University of Sydney researchers have announced a new low-cost battery built with four times the capacity of lithium ion. The researchers are hoping that a new, low-cost battery is far cheaper to produce will significantly reduce the cost of transitioning to a decarbonized economy. Led by Dr Shenlong Zhao from the University’s School of Chemical and Biomolecular Engineering, the battery has been made using sodium-sulfur – a type of molten salt that can be processed from sea water – costing much less to produce than lithium-ion.
The model of S@MoS2-Mo1/SGF (Figure 1f) is identified by simulating the atomic resolution HAADF-STEM image (Figure 1e) via QSTEM software. Image Credit: University of Sydney. Click the study paper link for more images and information.
Although sodium-sulfur (Na-S) batteries have existed for more than half a century, they have been an inferior alternative and their widespread use has been limited by low energy capacity and short life cycles.
Using a simple pyrolysis process and carbon-based electrodes to improve the reactivity of sulfur and the reversibility of reactions between sulfur and sodium, the researchers’ battery has shaken off its formerly sluggish reputation, exhibiting super-high capacity and ultra-long life at room temperature.
The researchers say the Na-S battery is also a more energy dense and less toxic alternative to lithium-ion batteries, which, while used extensively in electronic devices and for energy storage, are expensive to manufacture and recycle.
Dr Zhao’s Na-S battery has been specifically designed to provide a high-performing solution for large renewable energy storage systems, such as electrical grids, while significantly reducing operational costs.

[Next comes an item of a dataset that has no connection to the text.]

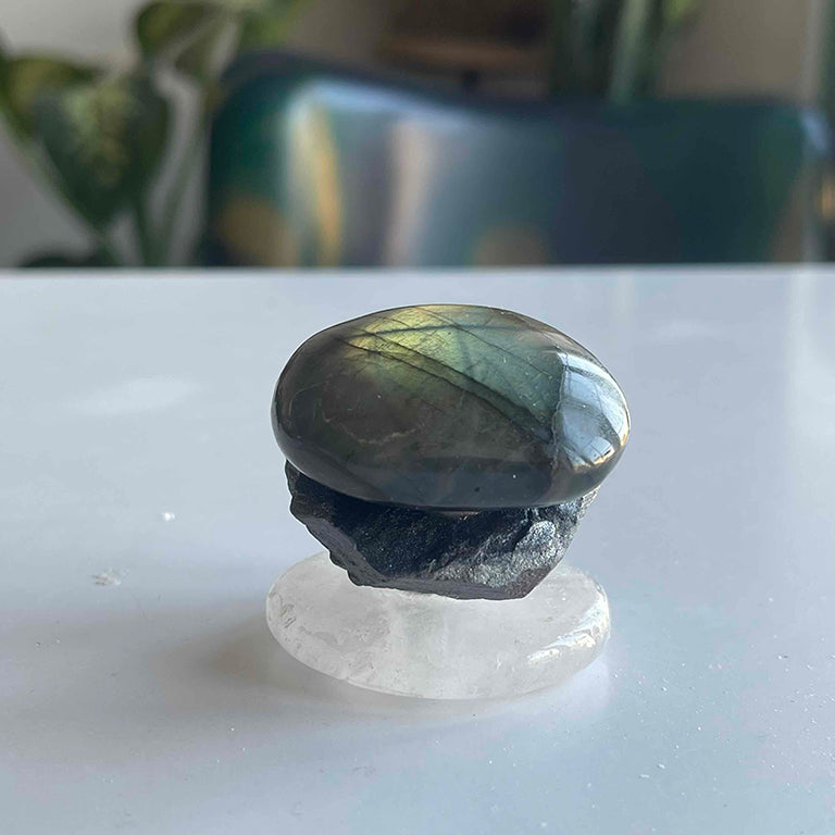 Daire formunda kristal Kuvars, Hematit ve ışıltılı Labradorit kombinasyonu...

According to the Clean Energy Council, in 2021 32.5 percent of Australia’s electricity came from clean energy sources and the industry is accelerating. Household energy storage is also growing. According to a recent report a record 33,000 batteries were installed in 2021.
Lead researcher Dr Zhao said, “Our sodium battery has the potential to dramatically reduce costs while providing four times as much storage capacity. This is a significant breakthrough for renewable energy development which, although it reduces costs in the long term, has had several financial barriers to entry. When the sun isn’t shining and the breeze isn’t blowing, we need high-quality storage solutions that don’t cost the Earth and are easily accessible on a local or regional level.”
“We hope that by providing a technology that reduces costs we can sooner reach a clean energy horizon. It probably goes without saying but the faster we can decarbonize – the better chances we have of capping warming.” He added. “Storage solutions that are manufactured using plentiful resources like sodium – which can be processed from sea water – also have the potential to guarantee greater energy security more broadly and allow more countries to join the shift towards decarbonization.”
The lab-scale batteries (coin batteries) have been successfully fabricated and tested in the University of Sydney’s chemical engineering facility. The researchers now plan to improve and commercialize the recently fabricated Ah-level pouch cells.
One does hope that the sodium-sulfur chemistry for batteries keeps coming along. This team’s work is a major improvement and signals that there is much innovative room to improve this chemistry. Congratulations are in order for insight well used to the benefit of the entire battery complex from raw material producers to the end user. A four fold increase would be a huge boon for consumer products and depressurize the lithium demand across the whole market spectrum.
Its too bad the motivation expressed hinges on grid storage. But the team works in a market that is being run by politicians and bureaucrats instead of engineers, who are driving to “decarbonize”, which is rather scary as carbon dioxide is the principle food source for the plants on earth – that feeds, well, Everything and Everybody.